• _Task brief_:
In this exercise, copy exactly the lines from the one that contains "- Laver la peau" through the end of the entries below; pictures are not copied.

(Dataset entries)

------

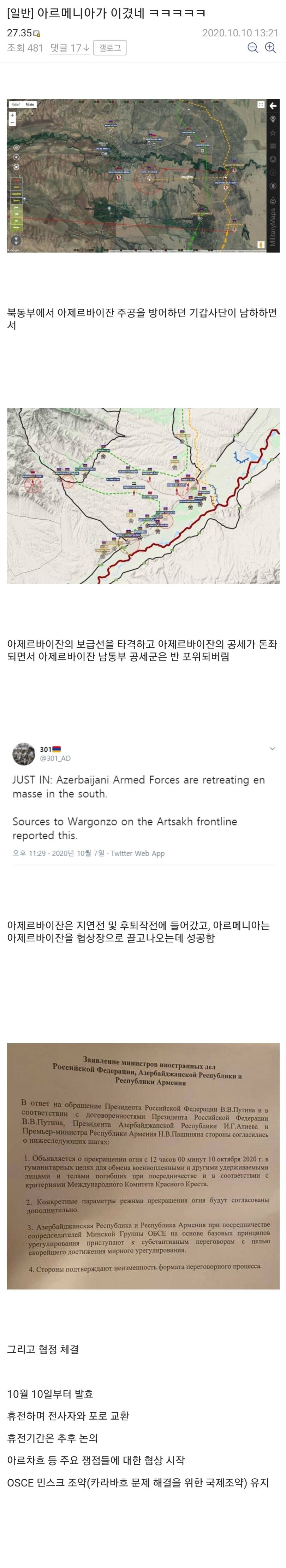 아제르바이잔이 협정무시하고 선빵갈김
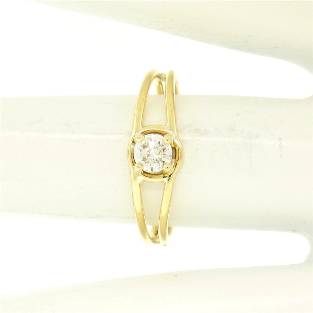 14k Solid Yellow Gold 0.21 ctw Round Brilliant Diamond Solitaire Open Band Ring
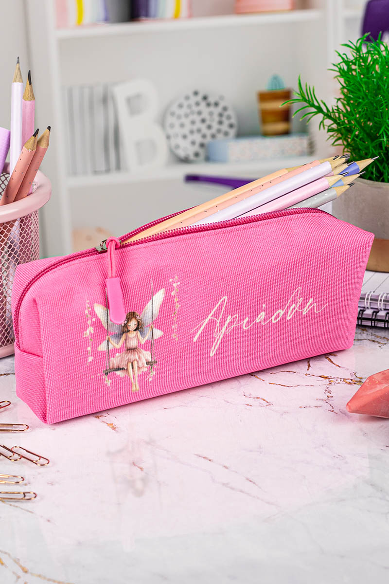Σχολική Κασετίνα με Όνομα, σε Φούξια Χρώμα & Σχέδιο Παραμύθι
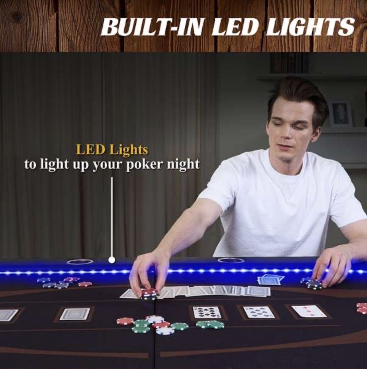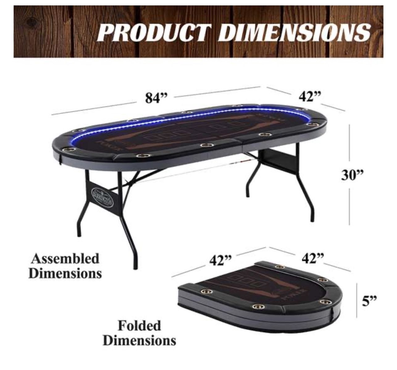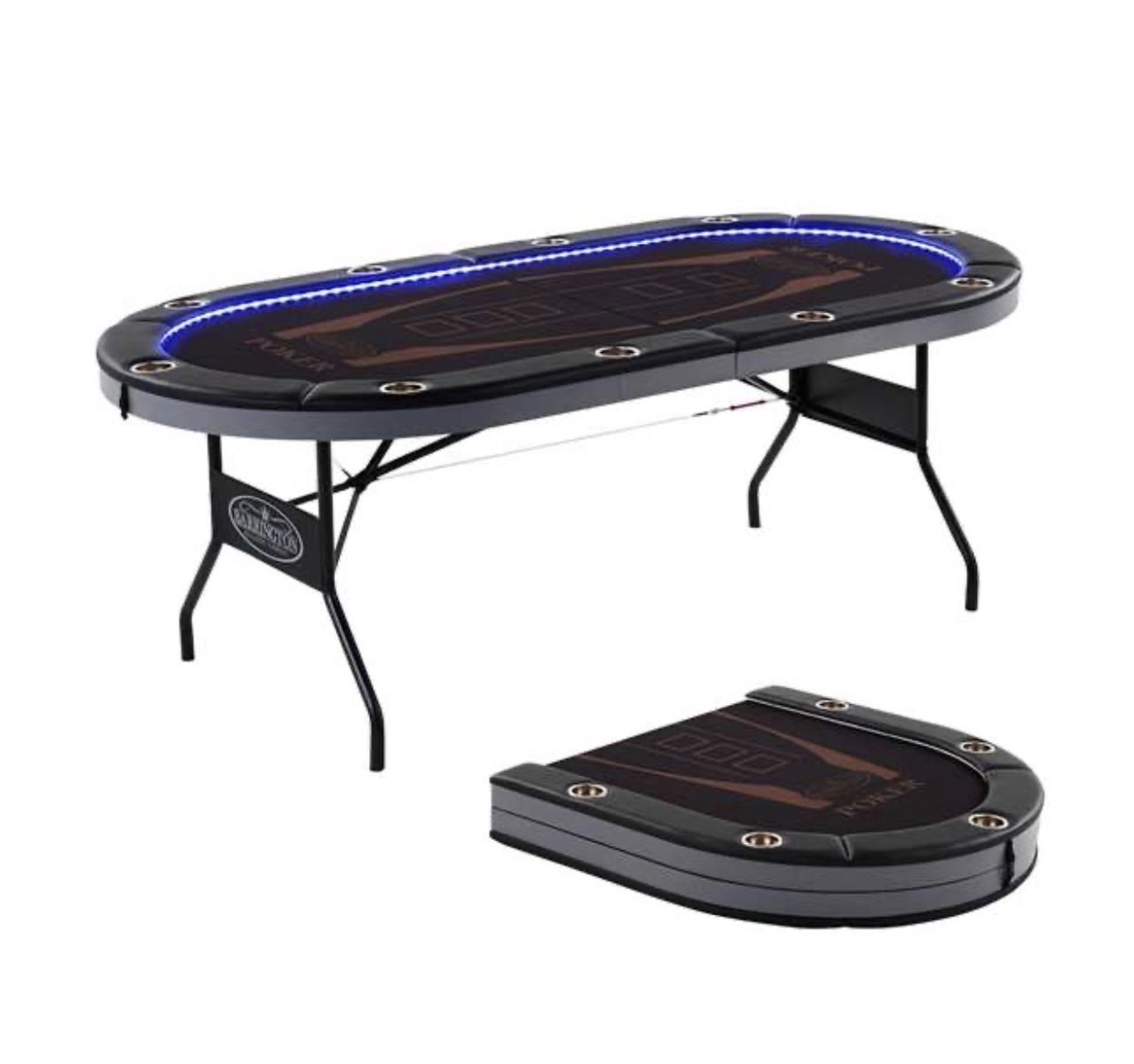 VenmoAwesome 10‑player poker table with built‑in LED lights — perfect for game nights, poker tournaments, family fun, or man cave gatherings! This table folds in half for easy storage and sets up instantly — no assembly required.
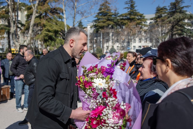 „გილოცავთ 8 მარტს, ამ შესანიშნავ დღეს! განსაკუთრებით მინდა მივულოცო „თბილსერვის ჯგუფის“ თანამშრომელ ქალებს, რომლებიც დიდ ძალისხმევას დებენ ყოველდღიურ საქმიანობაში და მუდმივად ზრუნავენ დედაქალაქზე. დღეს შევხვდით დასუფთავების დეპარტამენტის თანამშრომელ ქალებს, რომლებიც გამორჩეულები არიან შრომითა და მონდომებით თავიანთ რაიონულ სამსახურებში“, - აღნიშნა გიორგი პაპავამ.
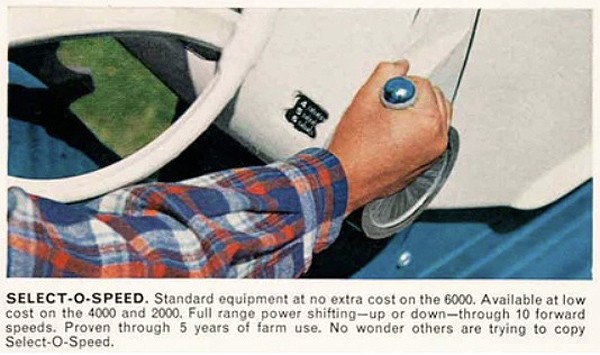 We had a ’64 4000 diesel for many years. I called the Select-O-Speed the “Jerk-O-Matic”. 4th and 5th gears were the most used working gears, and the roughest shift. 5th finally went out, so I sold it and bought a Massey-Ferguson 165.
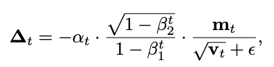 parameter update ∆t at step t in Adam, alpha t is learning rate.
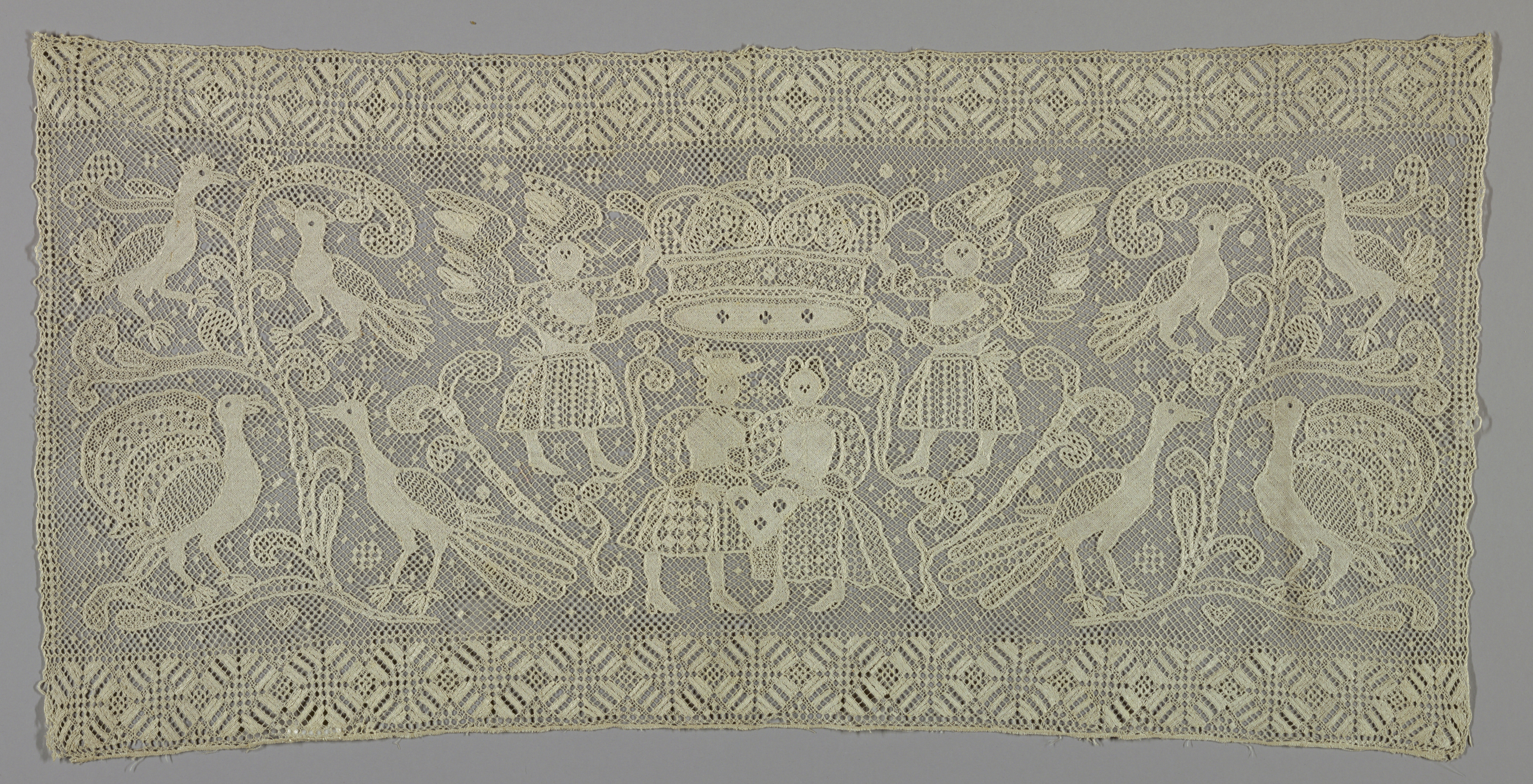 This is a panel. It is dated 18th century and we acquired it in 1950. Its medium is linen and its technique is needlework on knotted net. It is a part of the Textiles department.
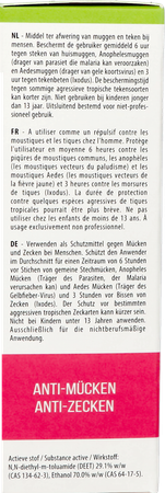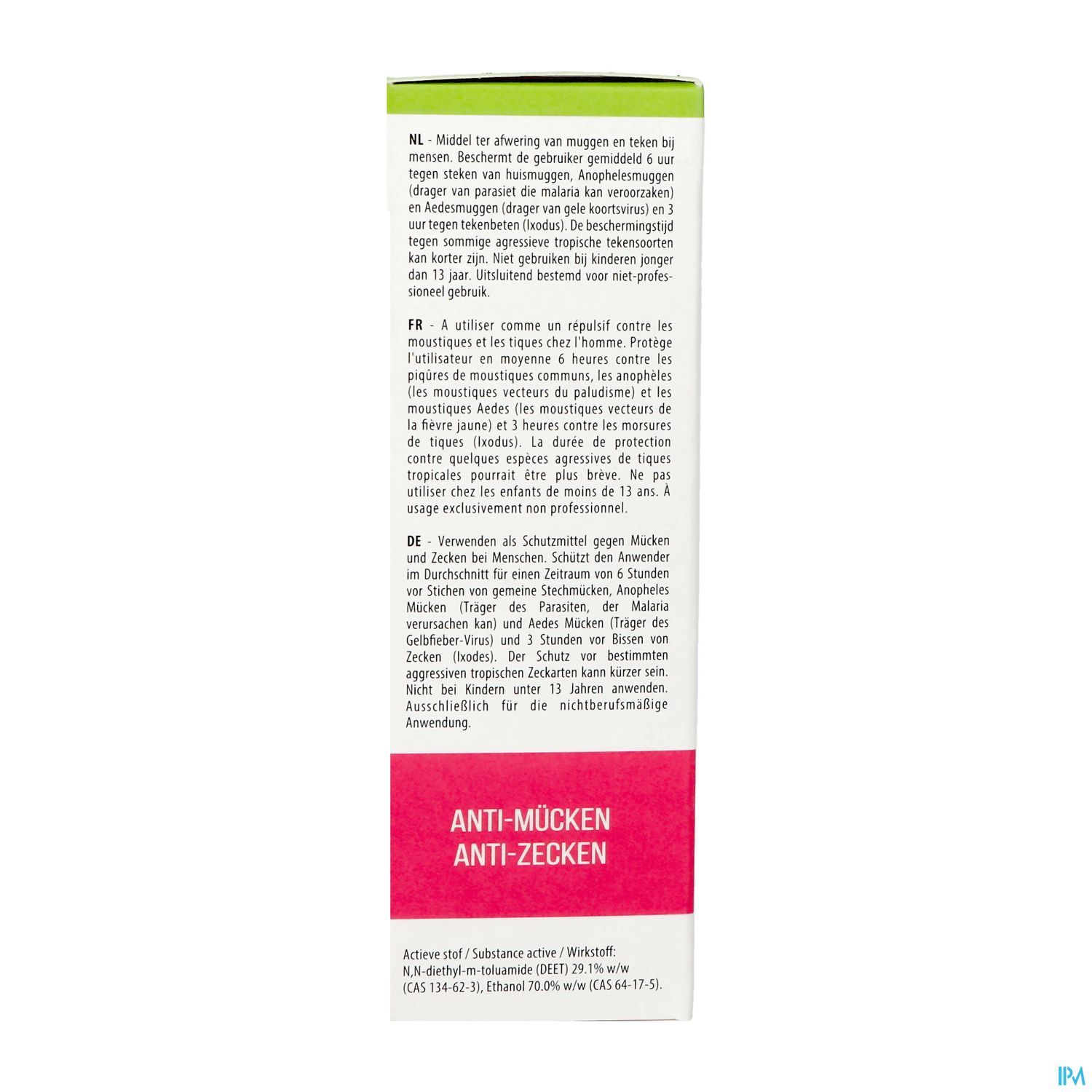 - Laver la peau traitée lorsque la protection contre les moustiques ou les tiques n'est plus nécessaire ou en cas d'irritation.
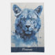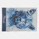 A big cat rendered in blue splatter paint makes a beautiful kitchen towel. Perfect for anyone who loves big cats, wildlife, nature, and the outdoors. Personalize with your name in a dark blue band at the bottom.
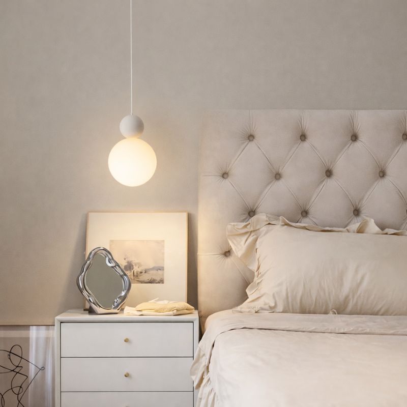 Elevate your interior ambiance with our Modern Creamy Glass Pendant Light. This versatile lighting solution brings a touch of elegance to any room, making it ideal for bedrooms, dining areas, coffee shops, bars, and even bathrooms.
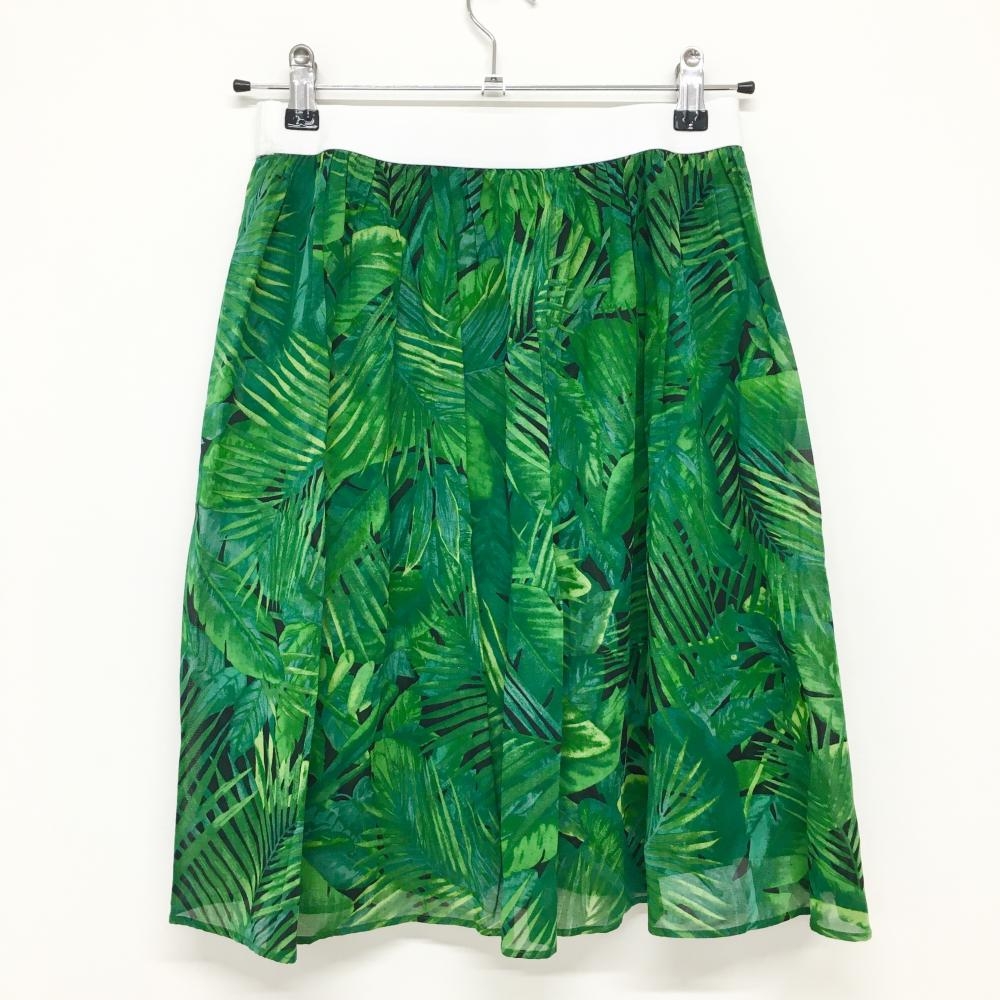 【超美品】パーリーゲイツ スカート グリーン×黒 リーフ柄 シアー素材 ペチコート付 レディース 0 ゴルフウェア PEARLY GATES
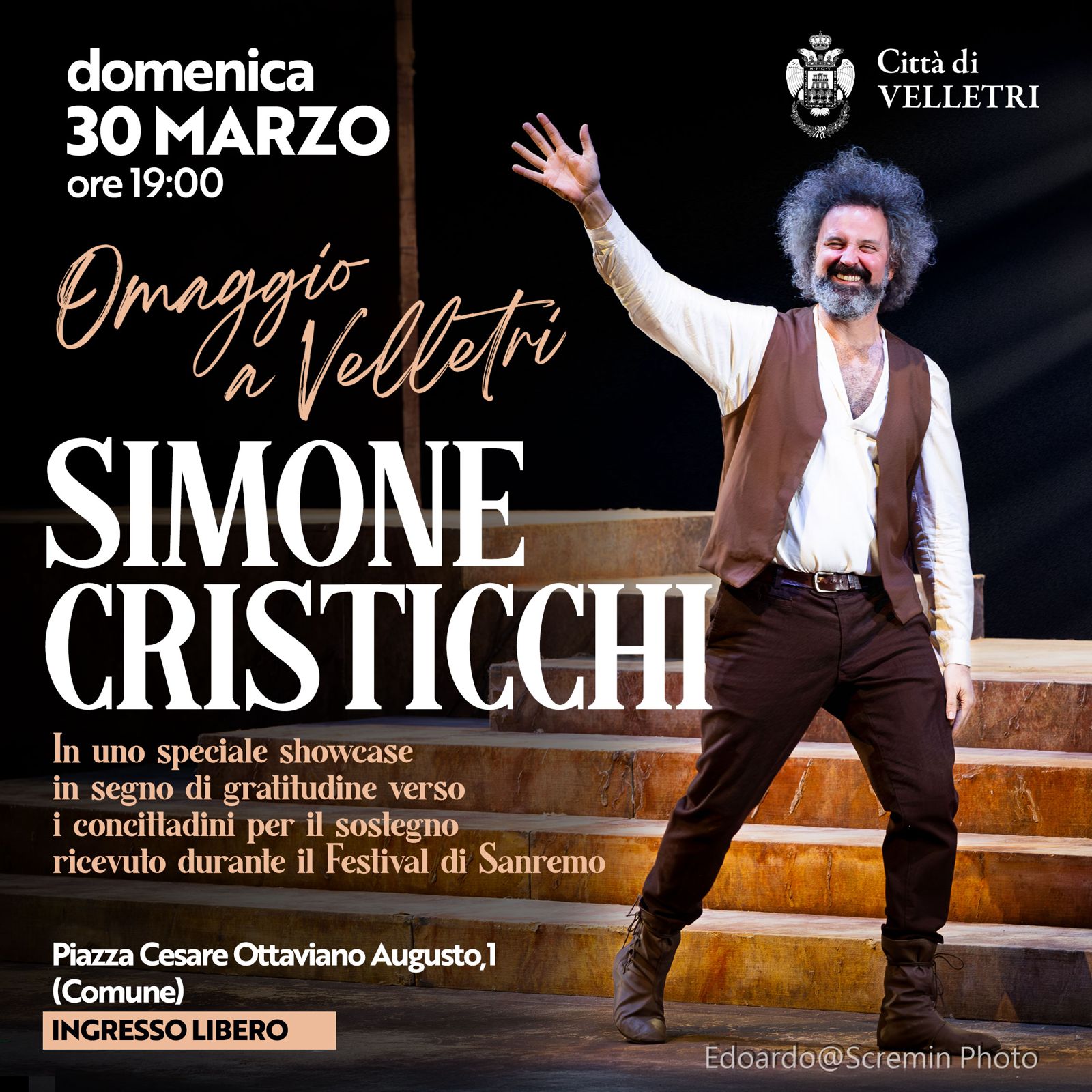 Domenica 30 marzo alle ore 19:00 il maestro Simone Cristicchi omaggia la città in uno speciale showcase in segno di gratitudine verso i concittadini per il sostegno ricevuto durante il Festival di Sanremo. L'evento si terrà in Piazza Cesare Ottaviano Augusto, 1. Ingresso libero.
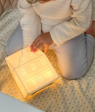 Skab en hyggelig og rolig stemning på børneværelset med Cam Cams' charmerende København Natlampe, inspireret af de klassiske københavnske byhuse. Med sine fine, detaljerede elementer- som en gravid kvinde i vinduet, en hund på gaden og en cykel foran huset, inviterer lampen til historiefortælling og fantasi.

------

• _Exercise response_:
 - Laver la peau traitée lorsque la protection contre les moustiques ou les tiques n'est plus nécessaire ou en cas d'irritation.
 A big cat rendered in blue splatter paint makes a beautiful kitchen towel. Perfect for anyone who loves big cats, wildlife, nature, and the outdoors. Personalize with your name in a dark blue band at the bottom.
 Elevate your interior ambiance with our Modern Creamy Glass Pendant Light. This versatile lighting solution brings a touch of elegance to any room, making it ideal for bedrooms, dining areas, coffee shops, bars, and even bathrooms.
 【超美品】パーリーゲイツ スカート グリーン×黒 リーフ柄 シアー素材 ペチコート付 レディース 0 ゴルフウェア PEARLY GATES
 Domenica 30 marzo alle ore 19:00 il maestro Simone Cristicchi omaggia la città in uno speciale showcase in segno di gratitudine verso i concittadini per il sostegno ricevuto durante il Festival di Sanremo. L'evento si terrà in Piazza Cesare Ottaviano Augusto, 1. Ingresso libero.
 Skab en hyggelig og rolig stemning på børneværelset med Cam Cams' charmerende København Natlampe, inspireret af de klassiske københavnske byhuse. Med sine fine, detaljerede elementer- som en gravid kvinde i vinduet, en hund på gaden og en cykel foran huset, inviterer lampen til historiefortælling og fantasi.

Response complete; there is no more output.